# Neuanfang



## BlueCobra (8. Juli 2009)

Hallo liebe Rollenspieler,

Also ich hab keine lust mehr an wahn "höher, schneller, weiter" und wollte mich mal nach etwas neuen umschauen.
Zu meinen WoW spiel bisher:
Also ich habe auf einem PvP Server angefangen Magierin dort bis 70 gespielt dann fing es an einfach nicht mehr zu gehen weil einfach zu viele anders dachten als ich.
Mein plan also anderer Server neues glück diesmal PvE dort habe ich dann eine Schamanin auf level 80 gespielt dann fing es eingentlich genauso an ich wollte mal dies mal das was aber keiner ernst nahm weil alle nur hinter epics  her waren. Na ja auf jeden fall hab ich noch solo nen wenig gespielt auch die eine oder andere ini aber die luft war raus.
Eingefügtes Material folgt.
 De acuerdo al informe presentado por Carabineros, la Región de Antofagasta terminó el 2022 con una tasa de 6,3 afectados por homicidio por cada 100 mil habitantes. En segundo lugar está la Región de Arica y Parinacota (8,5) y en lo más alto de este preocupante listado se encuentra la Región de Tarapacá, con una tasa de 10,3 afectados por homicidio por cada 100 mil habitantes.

Was ich suche ist neue freude am spiel und leute die nicht hetzten oder dich als looser hinstellen nur weil du nicht das epic hast oder noch nie in der ini warst.
Also lange rede kurzer sinn:  RP PvP oder PvE ist mir egal ne gemeinschaft mit der man sich unterhalten kann und wieder freude am spiel und an kleinigkeiten findet. 
Ich würde so gern mit dem richtigen lvl die Aufgaben im spiel machen und auch mal am rand das eine oder andere ziel oder herausforderung meistern.
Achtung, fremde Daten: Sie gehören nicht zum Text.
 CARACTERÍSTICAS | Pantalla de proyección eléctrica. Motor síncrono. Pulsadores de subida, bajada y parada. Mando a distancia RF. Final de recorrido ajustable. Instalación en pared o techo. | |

Also wer kann mir einen RP- Server nenen und eine Gilde am besten auf seiten der allianz die einigermaßen das erfüllt was ich möchte.

LG Cobra

PS: Frage ist es ein "no go" auf einem RP einen w char spielen wenn man in rl m ist???


----------



## BigBadBull (8. Juli 2009)

Mir ging es damals ähnlich wie dir. Habe auch vorher nur auf PvP Servern gespielt und war davon halt irgendwann nicht mehr angetan. Bin dann auf die Forscherliga gegangen und hab dort neu angefangen und es war die beste Entscheidung die ich treffen konnte. Ohne große Ahnung von den anderen RP-Servern zu haben (welche schätzungsweise einen gleich guten Standard haben) kann ich die gute alte Forscherliga nur empfehlen. Türlich gibt es auch Querschläger und Epicverehrer. Aber die sind auf jedem Server denk ich normal. 

Hier der Link zum Forscherliga Forum falls du dich ein bißchen informieren willst.
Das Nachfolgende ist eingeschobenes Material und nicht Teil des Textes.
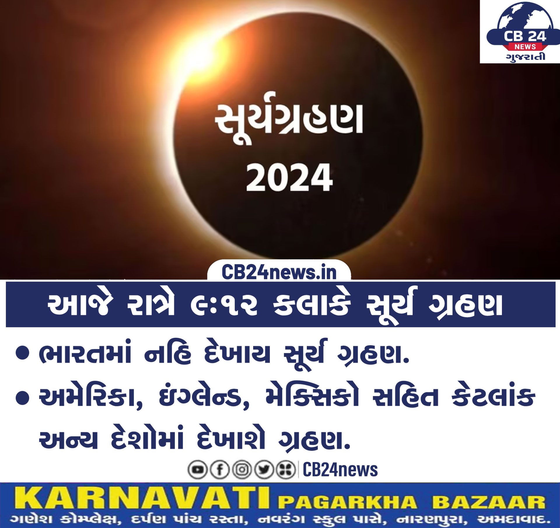 આજે રાત્રે ૯:૧૨ કલાકે સૂર્ય ગ્રહણ

Da ich Hordler bin kenn ich mich nur flüchtig mit den Allianzgilden aus, deswegen schau dich am besten einfach ein wenig im Forum um. Freundliche Leute findest du bei den Allianzler bestimmt auch.

In diesem Sinne
Rektan, Meuchelmörder der Sektion Sonnensturm

P.S. Selbstverständlich kannst du im RP auch eine Frau spielen. Es geht ja genau darum eine *Rolle* zu spielen und nicht den Spieler am PC darzustellen. Würde mir z.B. super schwer fallen nen männlichen Heiler mit voller Überzeugung im RP unterzubringen. Schlüpf einfach in die Rolle die du interessant findest.


----------



## MrGimbel (8. Juli 2009)

Ich hab aus ähnlichen Gründen von einem PvP auf einen RP-Realm (Die Aldor) gewechselt. Ich spiele dort 3 Klassen mehr oder weniger intensiv, mit meinem Magier bin ich in einer RP-Gilde, die so einmal die Woche ein RP- Event veranstaltet. Zusätzlich gibt es auch noch genug Leute, die spontan etwas auf die Beine stellen wollen. 
Ich würde mal behaupten, der größte Unterschied zu anderen Realms ist, dass auf Rp-Realms viel mehr getwinkt wird. Der Vorteil liegt auf der Hand, im unteren Levelbereich ist viel mehr los. Ich hab bisher keine Probleme gehabt, eine Gruppe für Inis zu finden, selbst eher unpopuläre Inis wie Gnomeregan hab ich mit meinem Magier und Krieger jeweils 2mal gemacht, ohne einem Highlevel hinterher zu laufen.

Ansonsten unterhält man sich meist über /s in angemessener Sprache und nutzt Add-Ons wie FlagRSP oder GryphonHeartItems, um die Spielfigur auszuarbeiten bzw um RP-relevante Gegenstände (Siegelringe, Berichte und Bücher) zu erstellen.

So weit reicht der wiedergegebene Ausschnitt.